Including Thursday night’s win, the Green Bay Packers are averaging only 46.2 yards per game in penalties on the year – that’s third lowest in the league.
The rest of the NFC North has been far less disciplined. Chicago ranks 19th (66.4), Minnesota is 26th (70.4), and Detroit is 30th (75.0).
Last year, the Packers averaged 54.7 yards, 11th fewest in the league – so there’s been a dramatic improvement in this area.
What makes this stat important in my mind relates to Green Bay’s current dink-and-dunk passing attack, as opposed to a big-play attack. They 2016 Packers rely on long drives featuring short passes for most of their scores.
It’s essential that the offense avoids major penalties if these drives are not to bog down. This year, the offense has seldom needed long yardage plays to get a first down. This typically happens due to offensive holding or offensive pass interference (10-yard penalties) or due to chop blocks, crackback blocks, clipping, pulling the face mask, hands to the face, butting, spearing, ramming with the helmet, unnecessary roughness, or unsportsmanlike conduct – penalties of 15 yards each.
Against Chicago, Green Bay’s first-half scoring drives included those of 13 plays and 10 plays, along with an 11-play drive that ended on downs at the Bears’ 1-yard line.
In the second half, the Packers had three more long and disciplined scoring drives; 85 yards in 13 plays, 88 yards in eight plays, and their third 13-play drive of the game, for 74 yards.

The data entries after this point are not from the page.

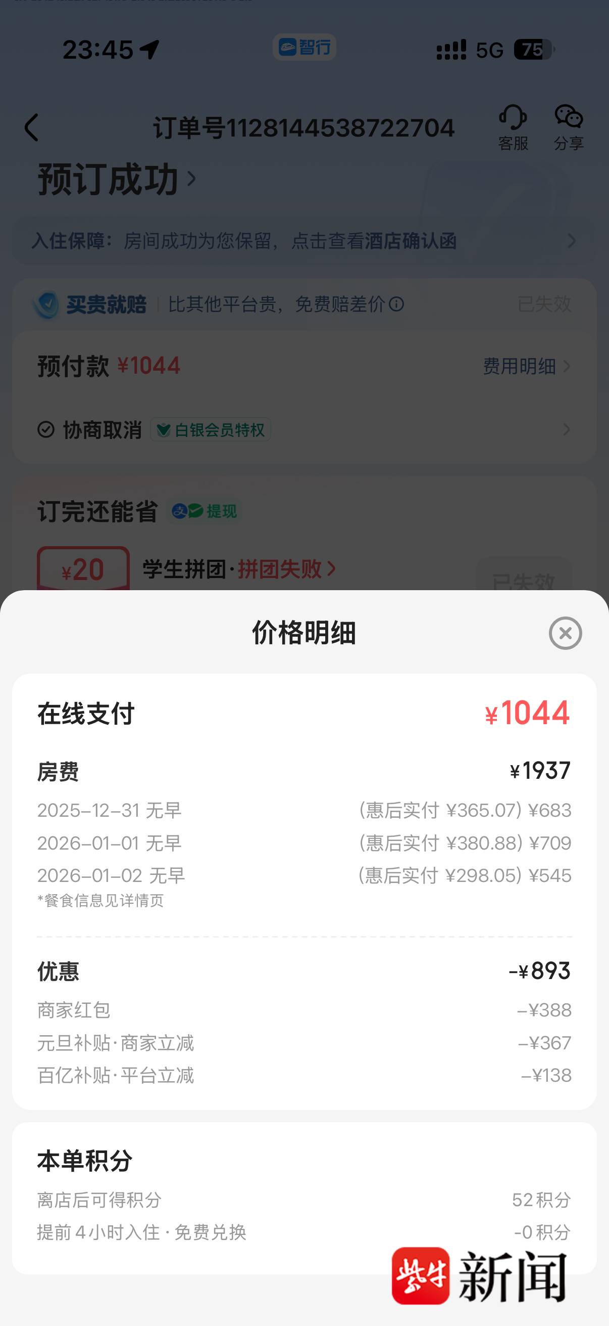 1月3日,张女士告诉扬子晚报记者,她与丈夫于元旦期间从宁波前往南京旅游,预订了位于瑞金路上的这家酒店,入住时间为2025年12月31日至2026年1月2日,三天房费共计1044元。
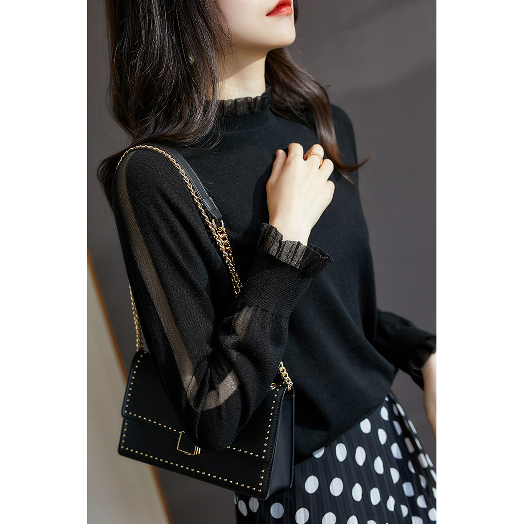 のElegant commuting temperament thin woman mesh fungus decorative knitted pullover EGZY33147
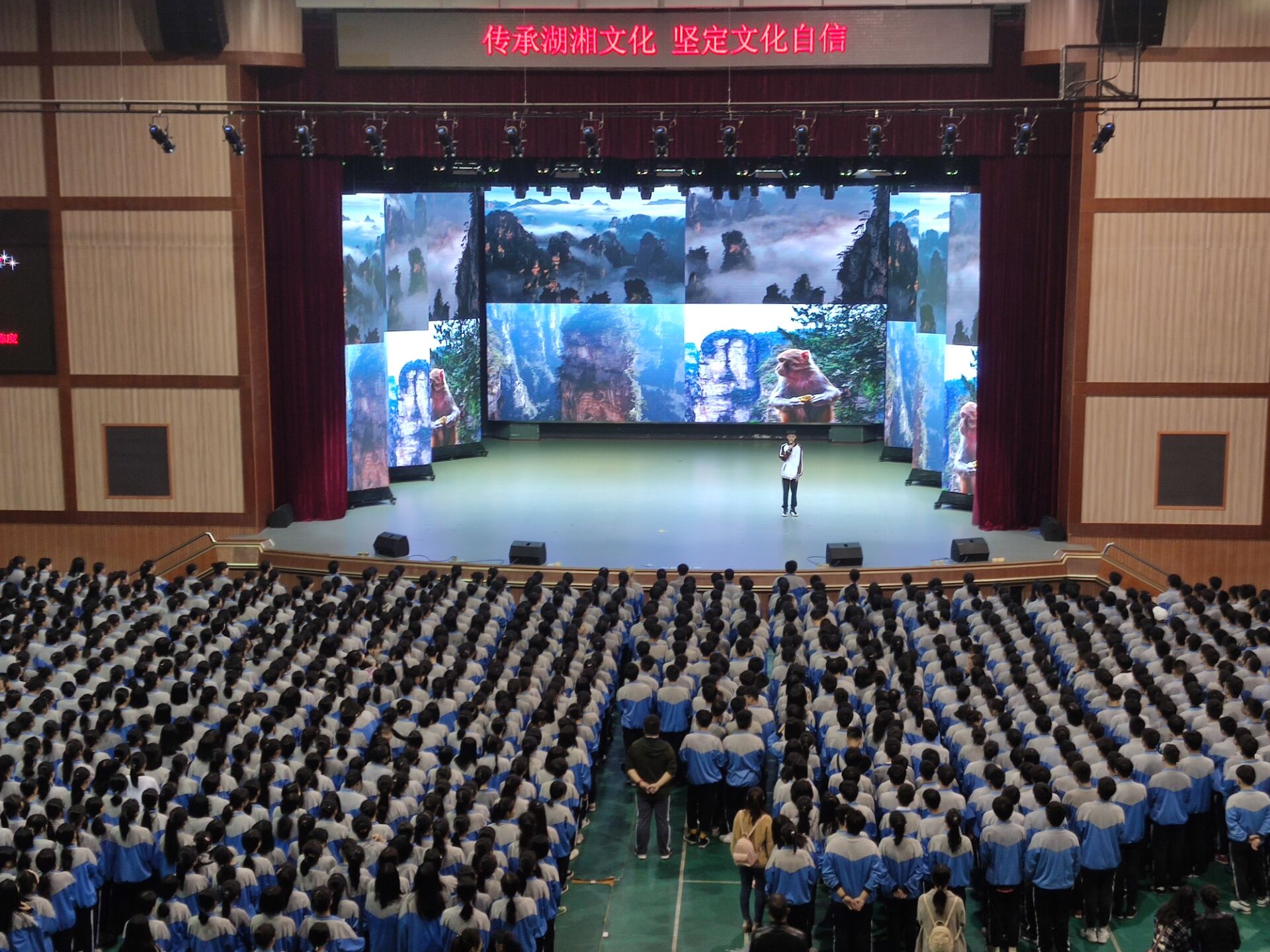 在中华民族发展史上扮演着重要角色的湖南,有着自己的特色地域文化——湖湘文化,千百年来,湖湘文化哺育培养了一代又一代湖湘优秀人才。为了探究湖湘文化到底是什么?湖湘文化现今有何价值?身为湖湘儿女的我们该如何传承和弘扬湖湘文化?2019年4月22日,由1812班主讲的“传承湖湘文化 坚定文化自信”国旗下讲话于汇美馆举行。

The only time in all these drives that Green Bay was backed up beyond five yards was for one 2nd and 19 – and that was due to the Bears’ only sack of Aaron Rodgers.
The Packers finished with nine penalties for 56 yards, while the Bears had 10 for 108 yards. That disparity helped the home team dominate time of possession and finish off their methodical and bit-by-bit drives with scores.